4.With respect to the Rights, when: (a) the Board has taken all necessary corporate action to approve the issuance of, and the terms of, the Rights and all matters related thereto; (b) the Rights have been issued, sold and delivered in the manner and for the consideration stated in one or more definitive purchase, underwriting or similar Agreements between the Corporation and one or more third parties as approved by the Board, for the consideration approved by the Board; and (c) the Rights have been duly issued and delivered against full payment therefor, in accordance with the applicable Agreement duly authorized, executed and delivered by the Corporation and, if applicable, the certificates for the Rights have been duly issued and delivered by the Corporation in accordance with such Agreement, then the Rights will be duly and validly issued and will constitute valid and binding obligations of the Corporation.

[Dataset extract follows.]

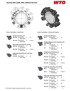 Hyundai WIA L2000, 2600, 3000Y/LY/SY/LSY Driven Toolholders - QuickFlex® Driven Toolholders - Enhanced Program Straight drill/milling unit Straight drill/milling unit ER-32 QF 420132015-65 1:1 EC ER 40 410126001-65 1:1 EC 0067732000 00675000079 ER-32 QF 420132016-65 1:1 IC 80 bar 0067732000 Straight milling unit with combination mill arbor DIN 6358 Right angle drill/milling unit, LF=100 Ø 22 410222002-65 1:1 EC ER-32 QF 420532018-65 1:1 EC 00675000483 0067732000 Ø 1" 410225002-65 1:1 EC ER-32 QF 420532019-65 1:1 IC 80 bar 00675000483 0067732000 Straight offset drill/milling unit Right angle drill/milling unit, both sides, ER-32 QF 420132037-65 1:1 EC LF=100 0067732000 ER-32 QF 420532020-65 1:1 EC ER-32 QF 420132038-65 1:1 IC 80 bar 0067732000 0067732000 ER-25 QF 420125010-65 1:2 EC 0067725001 ER-25 QF 420125011-65 1:2 IC 80 bar 0067725001 Right angle drill/milling unit, LF=100 ER 40 410526007-65 1:1 EC 00675000079 ER 40 410526008-65 1:1 IC 80 bar 00675000079 Right angle drill/milling unit, LF=100 ER-25 QF 420525012-65 1:2 EC 0067725001 ER-25 QF 420525013-65 1:2 IC 80 bar 0067725001 ER-32 QF 420532029-65 2:1 EC 0067732000 ER-32 QF 420532030-65 2:1 IC 80 bar © WTO GmbH * Subject to change without notice * www.wto.de 0067732000 17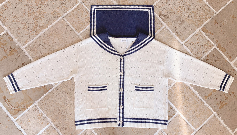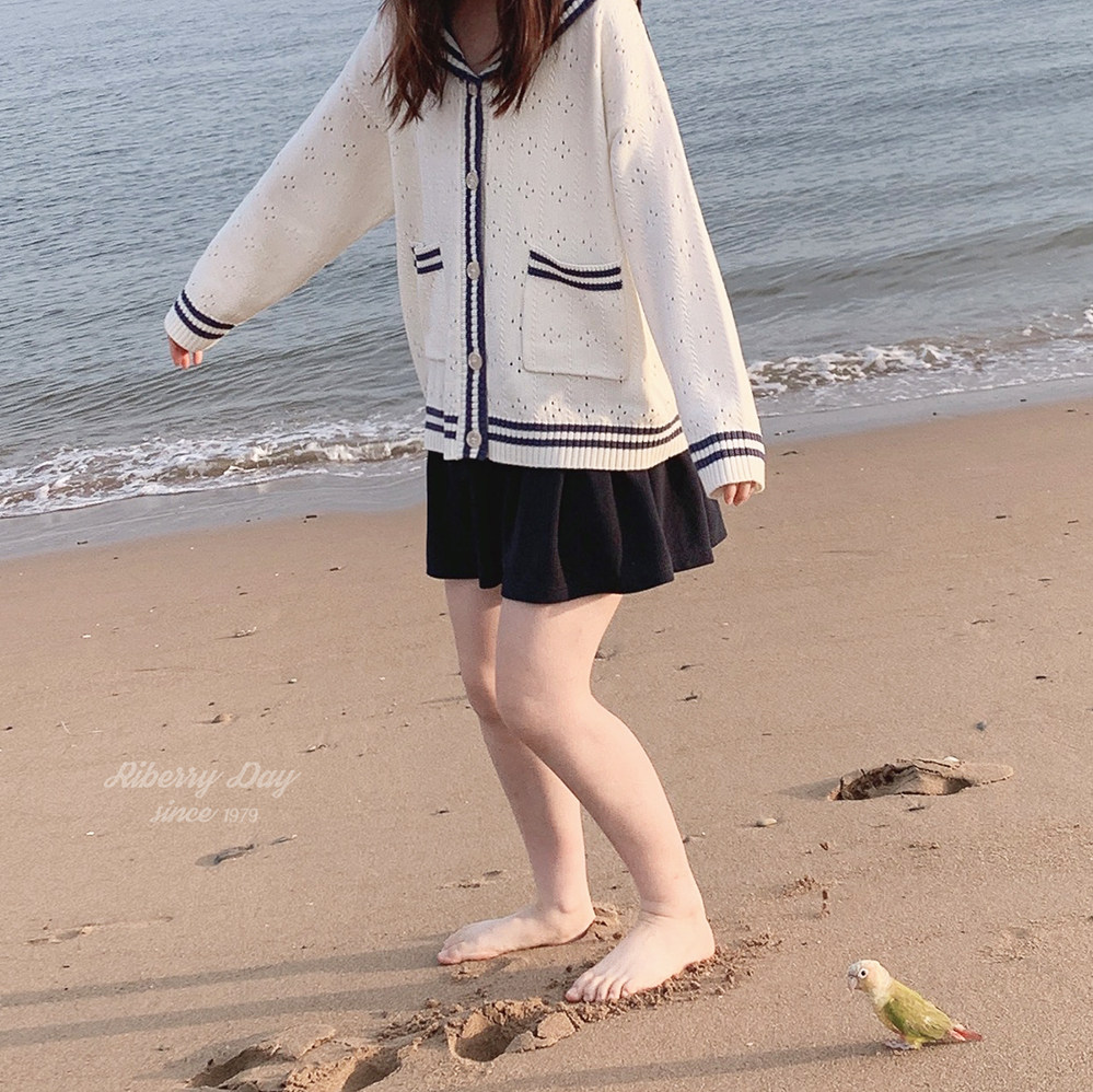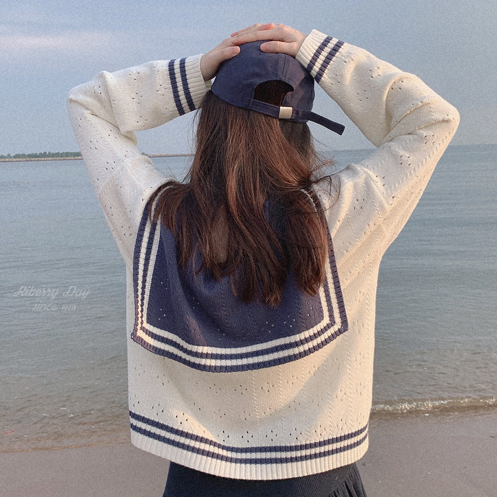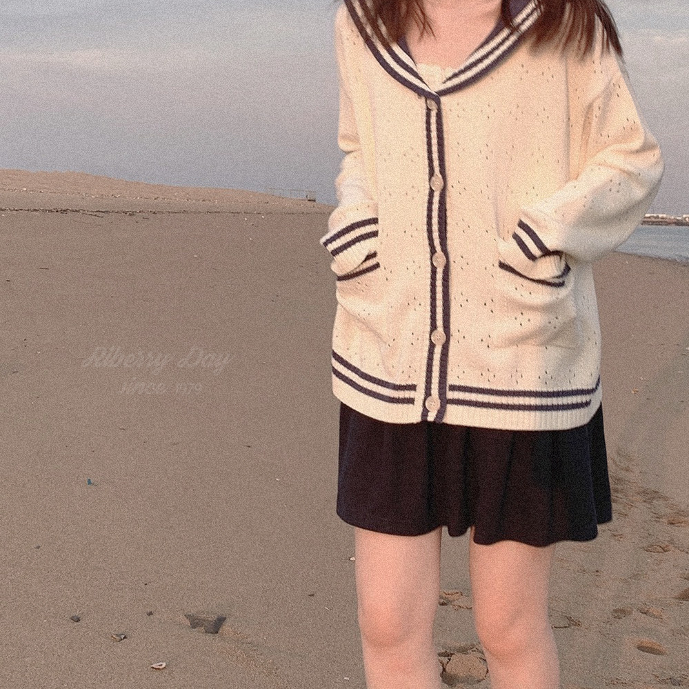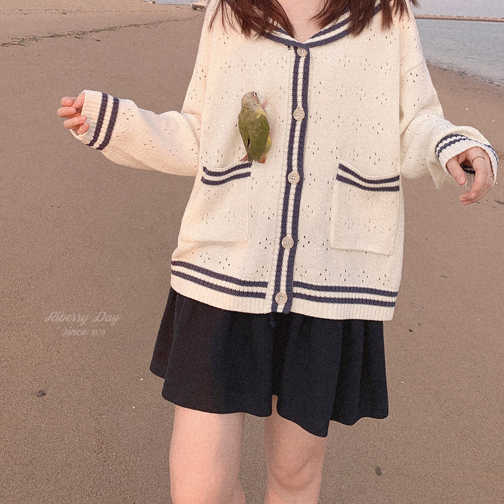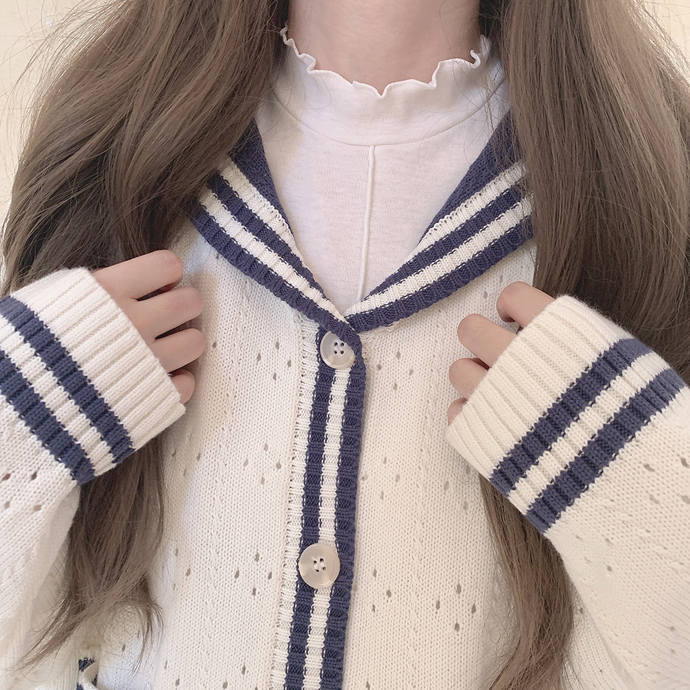 Ретро военно-морской белый трикотажный кардиган, свободный крой

5.With respect to the Units, when: (a) the Board has taken all necessary corporate action to approve the issuance of, and the terms of, the Units and all matters related thereto; (b) the Units have been issued, sold and delivered in the manner and for the consideration stated in one or more definitive purchase, underwriting or similar Agreements between the Corporation and one or more third parties as approved by the Board, for the consideration approved by the Board; and (c) the Units have been duly issued and delivered against full payment therefor, in accordance with the applicable Agreement, if any, duly authorized, executed and delivered by the Corporation and any third party and, if applicable, the certificates for the Units have been duly issued and delivered by the Corporation, and such third party in accordance with such Agreement, then the Units will be duly and validly issued and will constitute valid and binding obligations of the Corporation.
We hereby consent to the use of this opinion as Exhibit 5.2 to the Registration Statement. In giving such consent, we do not hereby admit that we are acting within the category of persons whose consent is required under Section 7 of the Act or the rules or regulations of the SEC thereunder.
This opinion is limited to the matters stated herein, and no opinion or belief is implied or should be inferred beyond the matters expressly stated herein. For greater certainty, we express no opinion as to matters of tax or as to the contents of, or the disclosure in, the Registration Statement, or whether the Registration Statement provides full, true and plain disclosure of all material facts relating to the Corporation within the meaning of applicable securities laws.